Many patients spend hours in bed struggling with life and wondering why doctors don't do more to help us. Why would he think I'm lying? Why won't she believe me? How can they get away with treating me that way? Why do I pay them when I get no help or answers? No interest? Furthermore, we wonder why doctors don't know about Cushing's.
Endocrinologists treat diabetes and thyroid patients. That's probably 85% of their case load. So in walks a pituitary or adrenal patient, and a doc may not be ready to dust off the information in their minds where such treatment notes lay dusty. Instead of telling the patient they are a little rusty or they will get back to us after some research, the doctor blames us. It's our fault. We are doing something wrong or not doing enough of what we are doing right. It's always the patient who is wrong, not them.
The National Academy of Hypothyroidism has provided an evaluation of the problem that is so spot on, I can't actually believe I am seeing it in print. It is a honest yet searing look at doctors as business owners and less like medical minds who took an oath to "do no harm."
Give this a read, and you will quickly see that patients aren't benefitting from this method of medicine or from the continuing education credits doctors register with their professional societies.
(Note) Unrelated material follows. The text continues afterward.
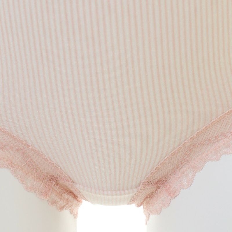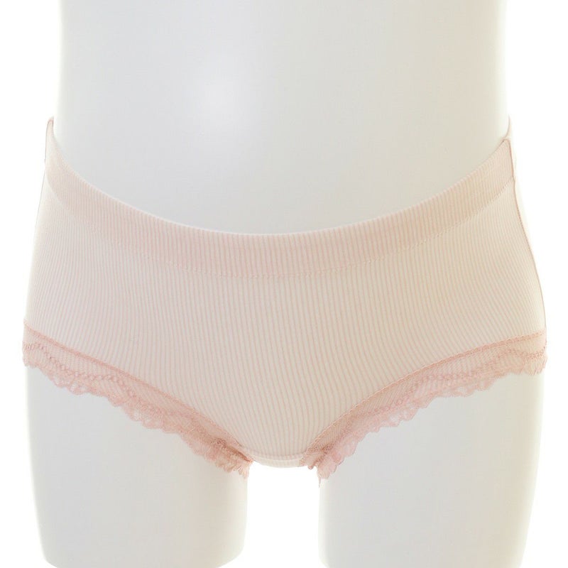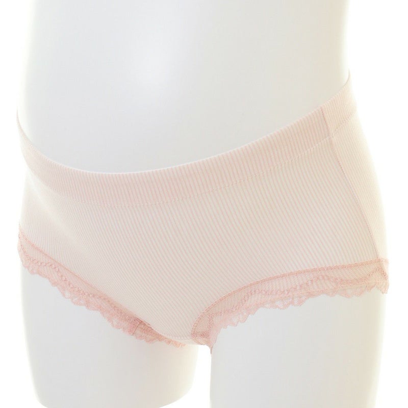 マタニティショーツは産前~産後のマタニティ体型のサイズ変化にも対応する設計です。レースは肌にあたらないよう重ね付けしています。

Why Doesn't My Endocrinologist
Know All of This?
"Similarly, the Endocrine Society, the American Association of Clinical Endocrinologists and the American Thyroid Association also have a long history of guidelines and recommendations that are not supported by the medical literature and fail to adjust or abandon recommendations when new understanding and knowledge contradicts their recommendations. A case in point is the recommendation by these societies that a normal TSH adequately rules out thyroid dysfunction, despite massive amounts of literature that demonstrate this not to be the case (see Diagnosis of Hypothyroidism) or that T4 only replacement is adequate for most patients. A doctor who simply follows outdated society treatment guidelines that relies on a simple laboratory test and ignores the clinical aspects of a patient is not practicing evidence-based medicine. (1-7). Such doctors may be adequate as lab technicians, but as doctors and clinicians they fall short (1-7). This method of practice is consistently rebuked as improper and poor medicine, but has become the standard used by a large percentage of endocrinologists and physicians who feel medicine can be related to simply reading "normal" or "abnormal" in a laboratory column."